As incoming aircraft line up to land at Manila's international airport, passengers often catch a glimpse of a gleaming new terminal building.
But first impressions are soon dispelled as passengers are offloaded at an older building that has seen better days.
Built by a group led by Germany's Fraport AG, the US$650 million new international terminal has been in mothballs for two years after President Gloria Arroyo tore up the contract, citing irregularities in the document's terms negotiated by her deposed predecessor Joseph Estrada.
This is just one example of the difficulties foreign investors face when investing in the Philippines, especially in desperately needed infrastructure projects.
Poor contracts, a Constitution which bans foreigners from owning real estate and shuts them out of certain industries, corruption at all levels, a biased court system, looming power cuts, an education system in decay and an impending fiscal crisis all add up to a poor investment environment.
With government debts rising to 5.39 trillion pesos (US$95.9 billion), or 137 percent of the GDP last year, the core budget for social services and infrastructure has shrunk to 2.65 percent of the gross national product last year compared to 6.17 percent in 1997.
Officials predict electricity demand will top available generating capacity sometime in 2008, but no new generating plants have been built for years.
The government would like to sell-off its debt ridden power assets but no one is showing much interest in them.
The shrinking social service and infrastructure budget is "seriously jeopardizing our capacity for growth that in turn produces our future revenues," said House of Representatives economic affairs committee chief Joey Salceda.
The budget crunch however is only one side of the issue, analysts say.
"The main issue at the moment confronting foreign investors is the question of sanctity of contracts on the one hand, the fear of government interference, the fear of shifting goalposts and the prob-lems of overall policy directions," Manila-based business consultant Michael Clancy said.
He said the Philippines compared "badly" with other Asian countries, because "over the last three years there's certainly been a lot of flip-flopping."
Clancy cited the airport terminal case, now under international arbitration, as the most famous example.
Loss-making National Power Corp, which drains billions of dollars from state coffers in the form of subsidies, is scheduled to be privatized.
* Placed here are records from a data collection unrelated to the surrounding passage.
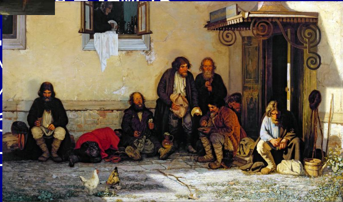
Григорий Михайлов, «Земство обирает»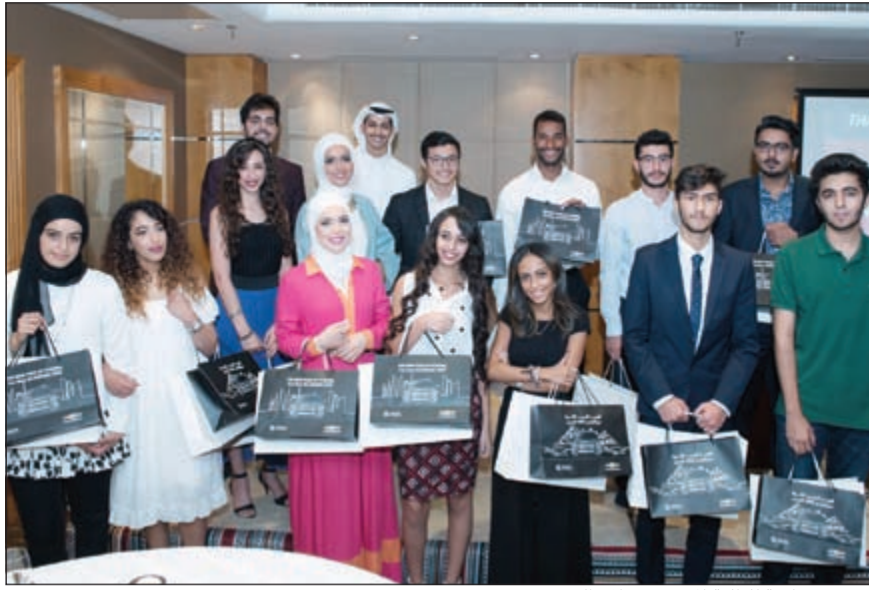
صورة جماعية للطلبة المتدربين خلال الحفل

عقدت شركة صناعات الغانم، إحدى أكبر الشركات الخاصة في المنطقة الأسبوع الماضي، حفلاً في فندق جي دبليو ماريوت لتخريج 15 طالباً من برنامج التدريب الصيفي الذي امتد على أربعة أسابيع منذ بداية شهر يونيو.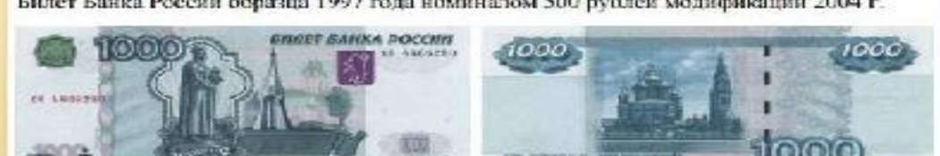
Билет Банка России образца 1997 года номиналом 1000 рублей модификации 2004 г.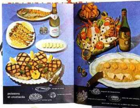
poissons et crustacés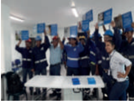
Campaña Día del agua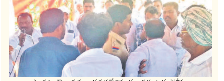
పాలకుర్తి : కొండాపూర్ గ్రామసభలో రైతులను అడ్డుకుంటున్న పోలీసులు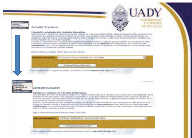
Figura 1. Sistema de Evaluación Docente en línea

Actualmente, en la Facultad de Matemáticas de la UADY, se cuenta con el Sistema de Evaluación Docente (SED) en línea (Figura 1).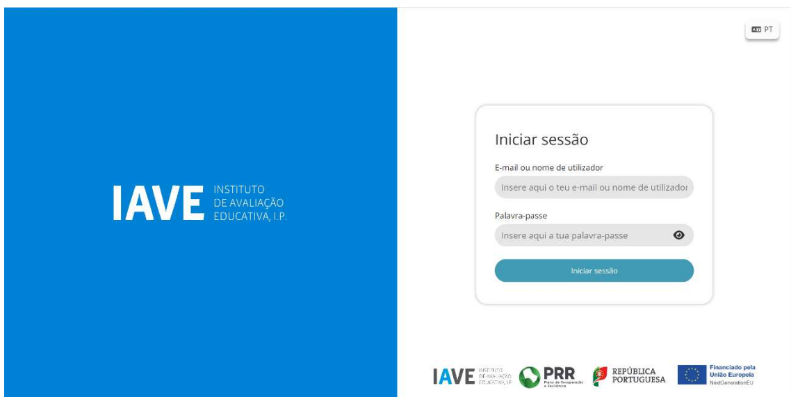
Figura 1 – Acesso à Plataforma de Realização de Provas do IAVE

b) Apenas para o online , selecionar o endereço eletrónico https://provas.iave.pt .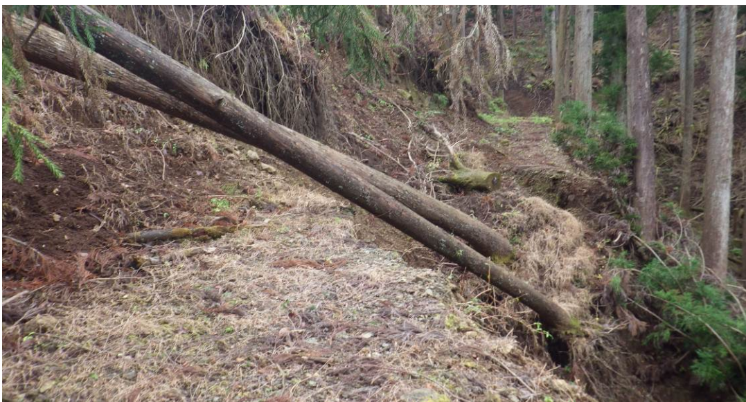
通過後状態 (山側に上がりトラバースが安全)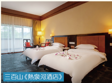
三百山《熱泉河酒店》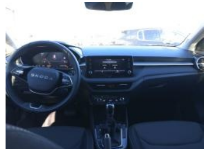
Imagen - 21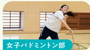
女子バドミントン部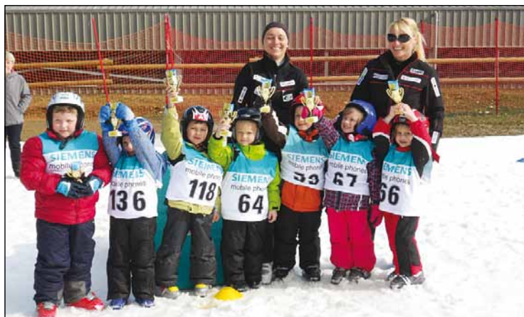
Podelitev pokalov za uspešno smučanje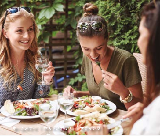
ホームステイ | ホストファミリー | サラマンカ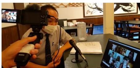
茨城の現地スポットの取材の例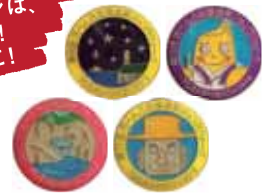
過去のピンバッジデザイン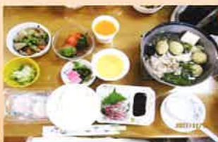
美味しいお鍋で心も体も温まりました。一年を振り返りながら声を合わせて歌いました♪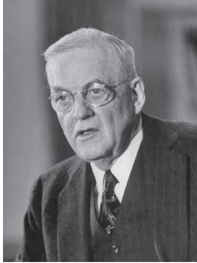
شكل ٥-٢: جون فوستر دولز. 2

الهادي، فما كان من دولز إلا أن صرح بأن مخاوف سبيندر من اليابان مغالً فيها؛ فكان جواب سبيندر هو أن أوجه اعتراض دولز على إبرام المعاهدة مجرد أوهام، ورغم هذا اتفق دولز مع سبيندر على وجوب التوصل إلى تسوية.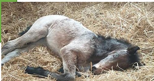
Jitanas fol Magoo

But interest has flagged with Congress dragging its feet on passing a franchise that would allow the winning bidder to operate the nationwide transmission system.
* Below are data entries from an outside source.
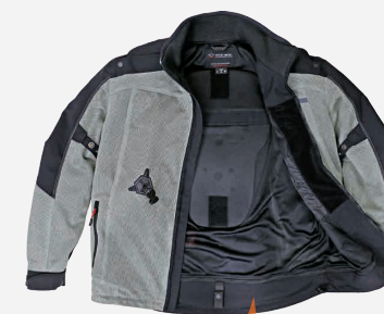
例: HDS-MS/ ジャケット単体 (エアバッグ無し)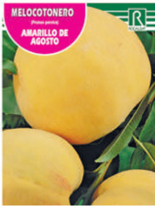
MELOCOTONERO (Prunus persica) AMARILLO DE AGOSTO

FCPA 0710 Cepellón en malla biodegradable FMDA 1740 Maceta C-19 (5,5 litros) FMTA 0220 Maceta C-25 (10 litros)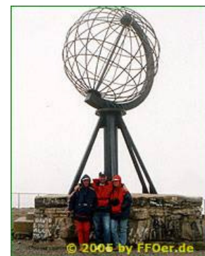
auf dem Nordkapp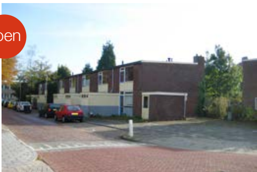
Locatie 10a ^ >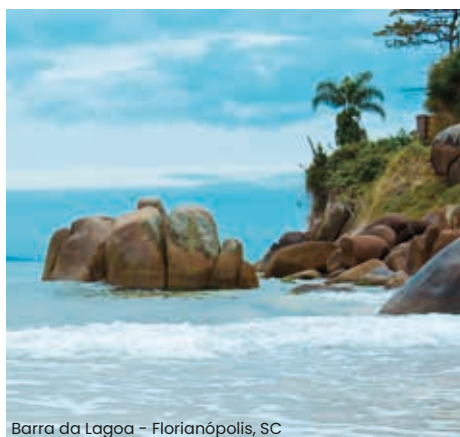
Barra da Lagoa – Florianópolis, SC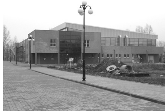
Kłopoty Mostostalu Gdańsk, głównego wykonawcy Hali Sportowej przy ulicy 17. Stycznia, który w maju 2003 roku ogłosił upadłość, znacznie wydłużyły proces inwestycji. Teraz halę buduje ciechanowski CEPROBUD

i wykonawczego oraz realizacja I etapu budowy ulicy Obozowej,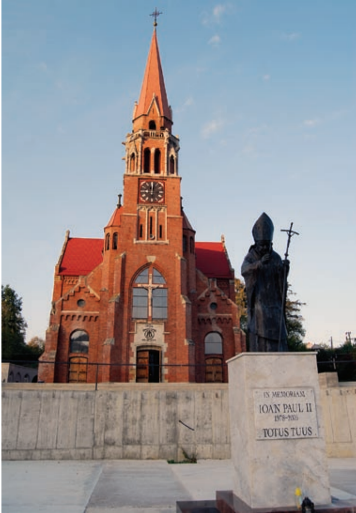
Bazylika i pomnik bł. Jana Pawła II w Kaczycy

W 1996 roku kościół w Kaczycy podniesiono do godności sanktuarium diecezjalnego, w 1997 – sanktuarium narodowego, a w Roku Wielkiego Jubileuszu, 14 marca 2000 roku papież Jan Paweł II nadał świątyni kaczycyjskiej tytuł bazyliki mniejszej.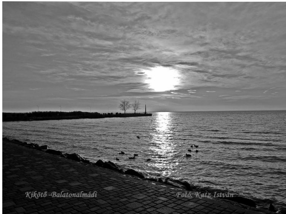
Kikötő - Balatonalmádi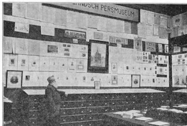
Het Nederlandsch Persmuseum.

Retrospectieve Afdeling. — Ten slotte wat de tentoonstelling zelf betreft — de Retrospectieve Afdeling . Dit is een museum, dat in twee flinke zalen alle oorspronkelijke uitgaven bevat, in Nederland verschenen van de vroegste tijden tot nu toe. 't Behoefte derhalve geen betoog, dat van de geheele tentoonstelling dit gedeelte eigenlijk wel het meest beziens-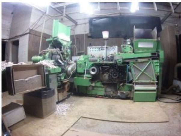
zabezpieczona linia technologiczna do produkcji nielegalnych papierosów

nielegalnych papierosów o wartości prawie 600 tys. zł. Ponadto w samochodach znajdujących się na posesji i halach magazynowych znaleziono półprodukty do wytwarzania papierosów, m. in. gilzy papierosowe, rolki papierowe, kartki z nadrukami nazw wyrobów tytoniowych. Wszystkim postawiono wówczas zarzut udziału w zorganizowanej grupie przestępczej mającej na celu nielegalną produkcję papierosów.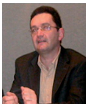
Par Emmanuel EVENO Président de Villes Internet, Géographe, Chercheur au LISST CIEU

L'évaluation des Labels porte sur l'exploitation d'un vaste questionnaire que les villes candidates remplissent en ligne ainsi que sur les notes obtenues par des visites réalisées sur les sites Web des collectivités.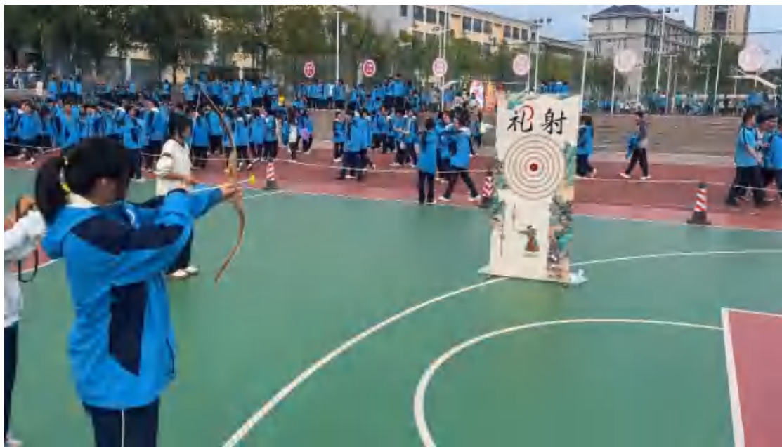
图76 金秋游园活动现场一

金秋游园活动： 为丰富学生校园文化生活，打破不同专业、年级学生的交流壁垒，同时展现中职教育“以技育人”的特色，结合秋日自然氛围与校园活动需求，为师生搭建轻松互动、展示技能、共享欢乐的平台。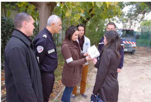
◆ Les jeunes volontaires du service civique

Ce nouveau dispositif permet à tout jeune de 16 à 25 ans d'effectuer une mission d'intérêt général pendant 6 à 12 mois. Durant celle-ci, il perçoit une indemnité mensuelle de l'Etat de 440 € auxquels s'ajoutent 100 € pour ses frais de déplacement et de repas.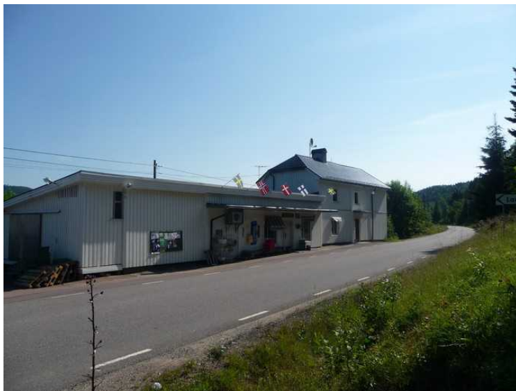
Vi kjørte rett over grensen for å se om Sundelin's eksisterte fremdeles. Det har vært vanlig at folk kjører over grensen og handler varer som er billigere i Sverige enn i Norge.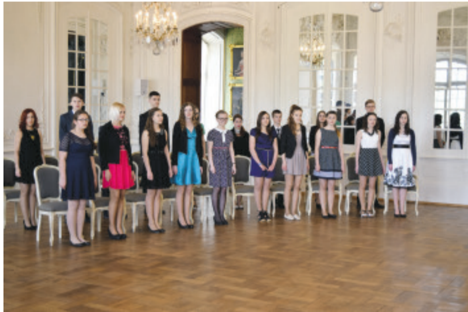
„Gada skolēna” svinīgais pasākums Rundāles pilī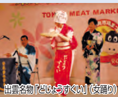
出雲名物「どじょうすくい」(女踊り)

Peter Wallace, another Manila-based business consultant, noted that power plants took up to five years to put up, with the government usually taking three more years to approve such projects.
But months before the May presidential election Arroyo put a cap on the amount that the utility can charge customers for power sold to it by private generating companies.
"If you can't make a profit, how can you get anyone to invest?" Wallace asked.
This conundrum weighs on the mind of Jose de Jesus, a former public works minister and now the chief executive of a Filipino-Australian-French consortium behind the US$371 million rehabilitation of an 84km toll road that is Manila's main link with industrial provinces to the north.